Consistent with the initial 2010 guidance, the company's revised 2010 guidance does not include the impact of potential future financing and investment activities.

The foregoing estimates are forward-looking and reflect management's view of current and future market conditions, including certain assumptions with respect to leasing activity, rental rates, occupancy levels, financing transactions, interest rates, and the amount and timing of development and redevelopment activities. The company's actual results may differ materially from these estimates.

Supplemental Information

Supplemental operating and financial data, as well as the updated Investor Presentation, are available in the Investor Relations section of the company's website at www.biomedrealty.com.

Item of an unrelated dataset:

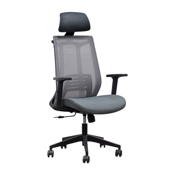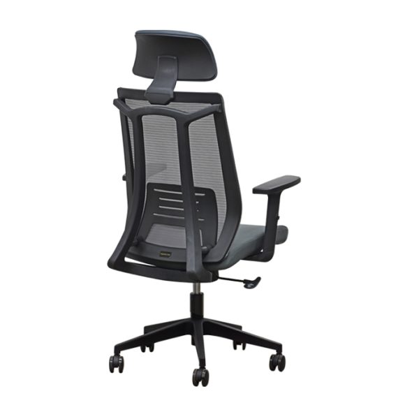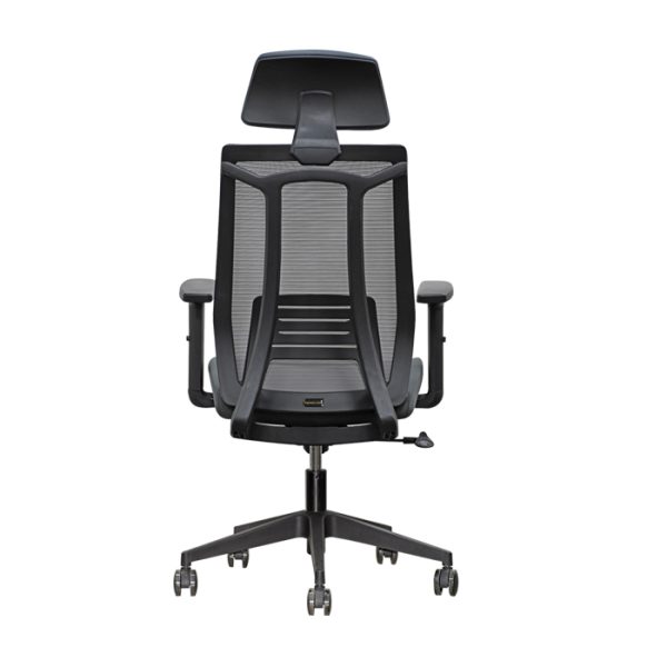 El respaldo ergonómico amortiguado, con marco de polipropileno. Tapizado en malla, con apoyo lumbar fijo, cabecero regulable en altura ( 5 posiciones). Tapizado en PU y un soporte ergonómico para la espalda durante largas jornadas laborales.

Teleconference and Webcast

BioMed Realty Trust will conduct a conference call and webcast at 10:00 a.m. Pacific Time (1:00 p.m. Eastern Time) on Thursday, February 11, 2010 to discuss the company's financial results and operations for the quarter. The call will be open to all interested investors either through a live audio web cast at the Investor Relations section of the company's web site at www.biomedrealty.com and at www.earnings.com, which will include an online slide presentation to accompany the call, or live by calling 800.599.9816 (domestic) or 617.847.8705 (international) with call ID number 75689290. The complete webcast will be archived for 30 days on both web sites. A telephone playback of the conference call will also be available from 1:00 p.m. Pacific Time on Thursday, February 11, 2010 until midnight Pacific Time on Tuesday, February 16, 2010 by calling 888.286.8010 (domestic) or 617.801.6888 (international) and using access code 19195358.

About BioMed Realty Trust

BioMed Realty Trust, Inc. is a real estate investment trust (REIT) focused on Providing Real Estate to the Life Science Industry®. The company's tenants primarily include biotechnology and pharmaceutical companies, scientific research institutions, government agencies and other entities involved in the life science industry. BioMed owns or has interests in 69 properties, representing 112 buildings with approximately 10.5 million rentable square feet. The company's properties are located predominantly in the major U.S. life science markets of Boston, San Diego, San Francisco, Seattle, Maryland, Pennsylvania and New York/New Jersey, which have well-established reputations as centers for scientific research. Additional information is available at www.biomedrealty.com.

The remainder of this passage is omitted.